**Task directions:**
Exactly as written, transcribe the data from its opening line through the line containing "Elevate your wardrobe". Leave every picture out.

**Dataset items:**
------------

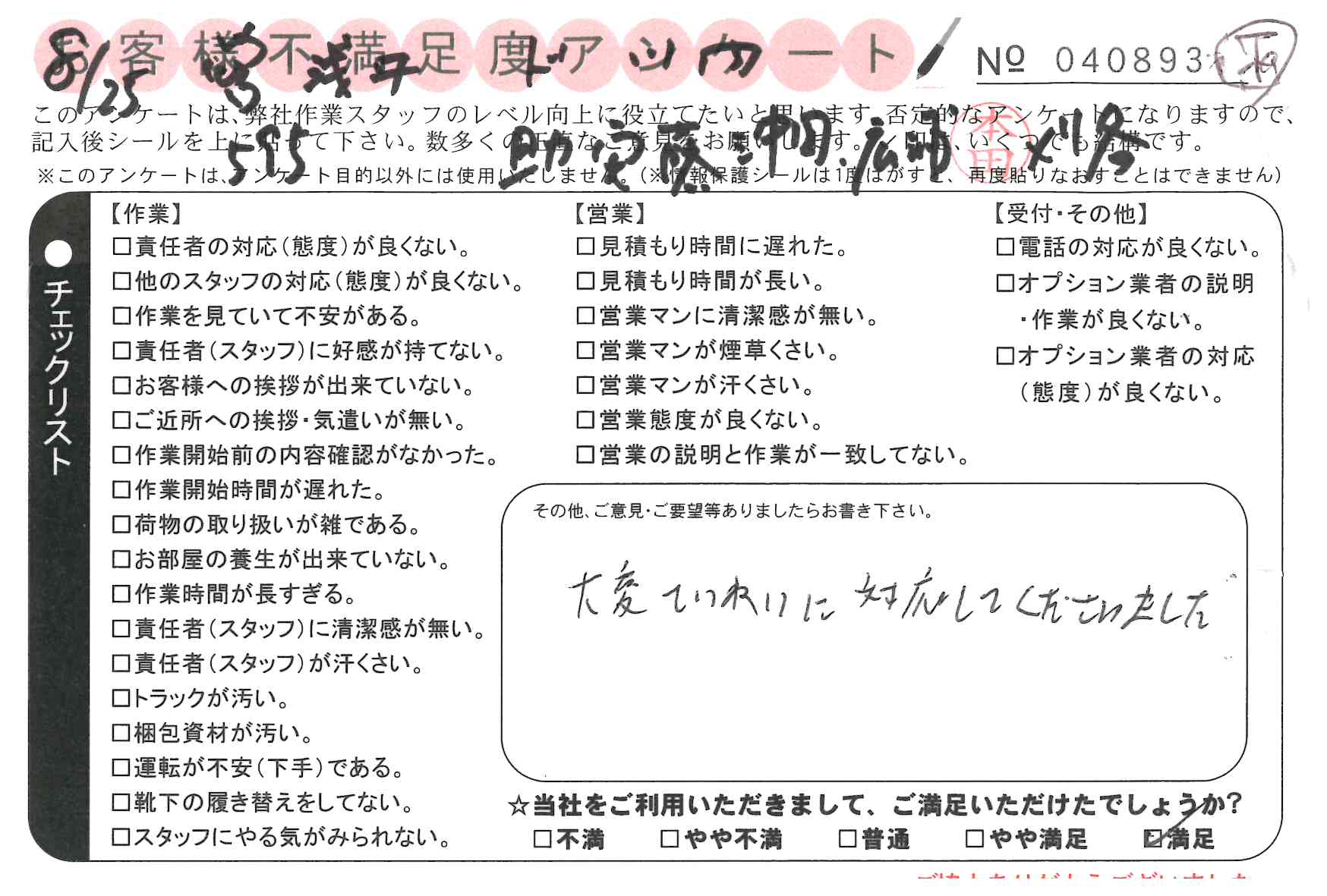 8/25 引越 営業:浅井 ドライバー:川内 スタッフ:安藤・沖田・広浦* 大変ていねいに対応してくださいました。
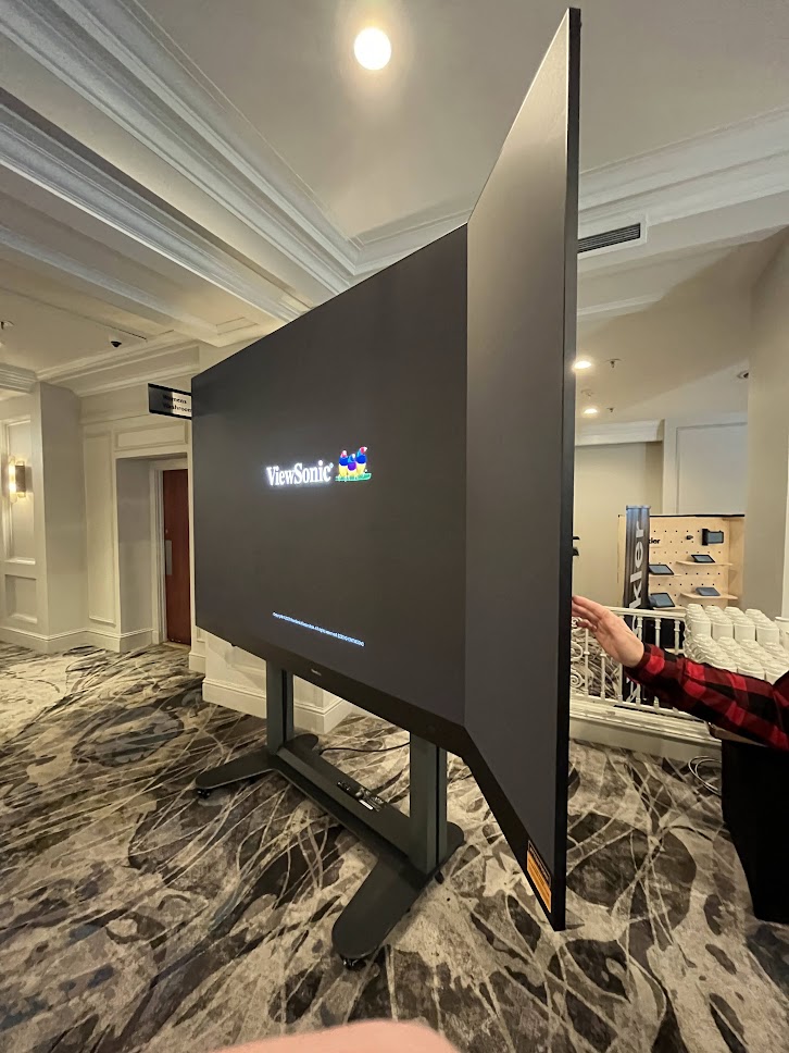 The distinction here is that these big fella all-in-one LEDs are intended to be easy to use, but the larger ones don’t tend to just come out of a box like a big-ass consumer TV. They still need to be assembled. Between the two folding parts of the screen, and the height adjustment, this thing would (I assume) be relatively easy to re-position around a workplace, events venue or, I suppose, retail environment.
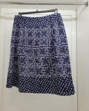 Elevate your wardrobe with this charming Sherry Taylor A-line skirt, featuring a sophisticated mix of navy and white patterns. This versatile piece combines a bold geometric square motif with classic polka dot accents at the waist and hem, creating a unique, playful aesthetic that transitions perfectly from the office to dinner.
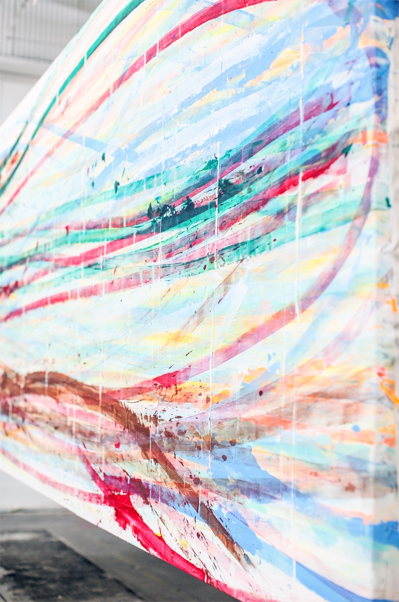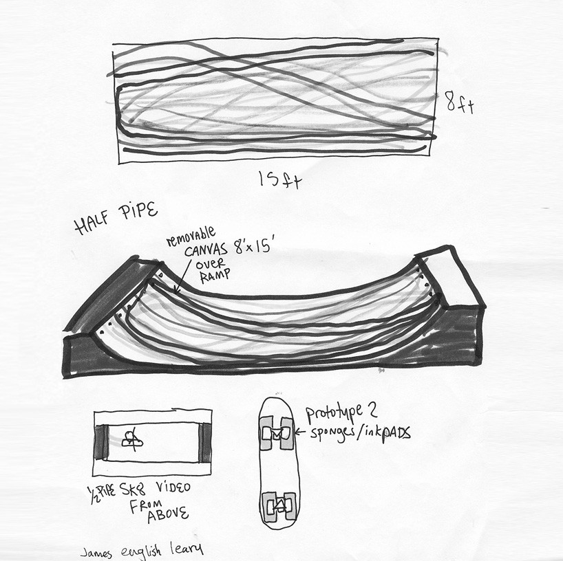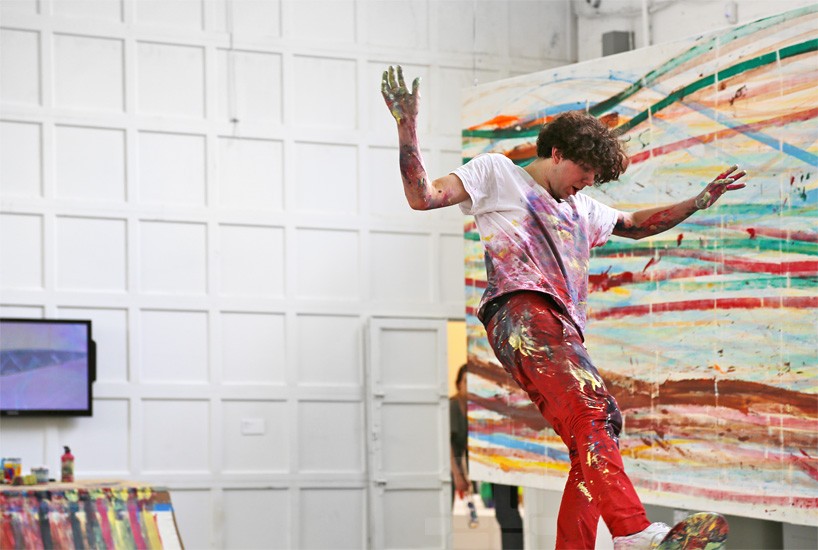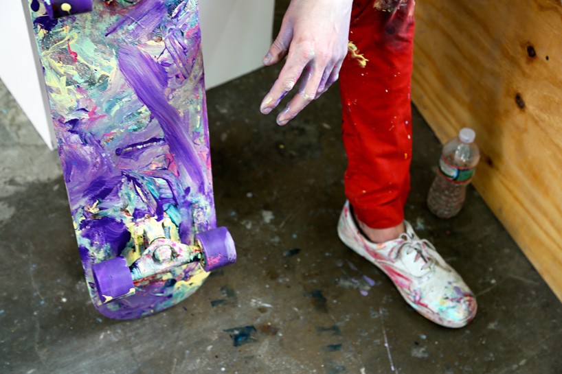 Uporabil je tehniko pripenjanja gobic na skejt. Te je med skejtanjem pridno pomakal v lončke z barvo, končni izdelek in sam proces pa si lahko ogledamo v galeriji. Unikatno, ni kaj!
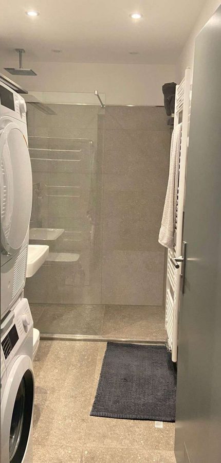 Rechts davon gelangen Sie in das letztes Jahr TOP sanierte Badezimmer, welches mit einer Wellnessdusche ausgestattet ist. Waschmaschine und Trockner sind auch hier gelegen.
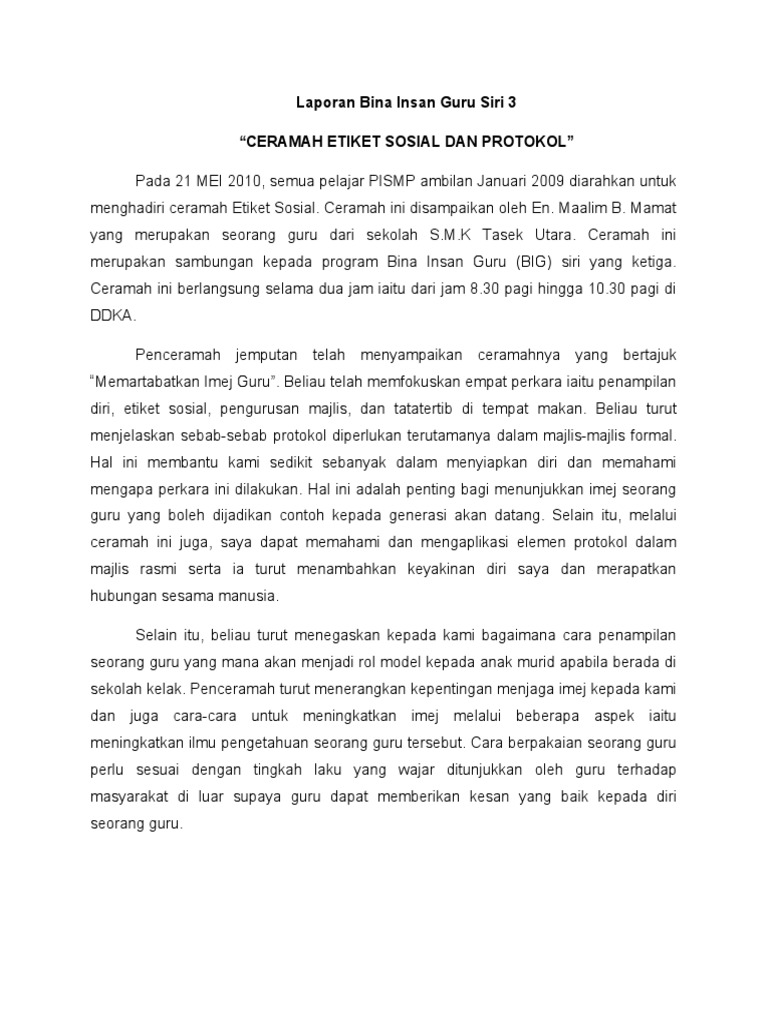 Ceramah Etiket Sosial Dan Protokol

------------

**Output below:**
 8/25 引越 営業:浅井 ドライバー:川内 スタッフ:安藤・沖田・広浦* 大変ていねいに対応してくださいました。
 The distinction here is that these big fella all-in-one LEDs are intended to be easy to use, but the larger ones don’t tend to just come out of a box like a big-ass consumer TV. They still need to be assembled. Between the two folding parts of the screen, and the height adjustment, this thing would (I assume) be relatively easy to re-position around a workplace, events venue or, I suppose, retail environment.
 Elevate your wardrobe with this charming Sherry Taylor A-line skirt, featuring a sophisticated mix of navy and white patterns. This versatile piece combines a bold geometric square motif with classic polka dot accents at the waist and hem, creating a unique, playful aesthetic that transitions perfectly from the office to dinner.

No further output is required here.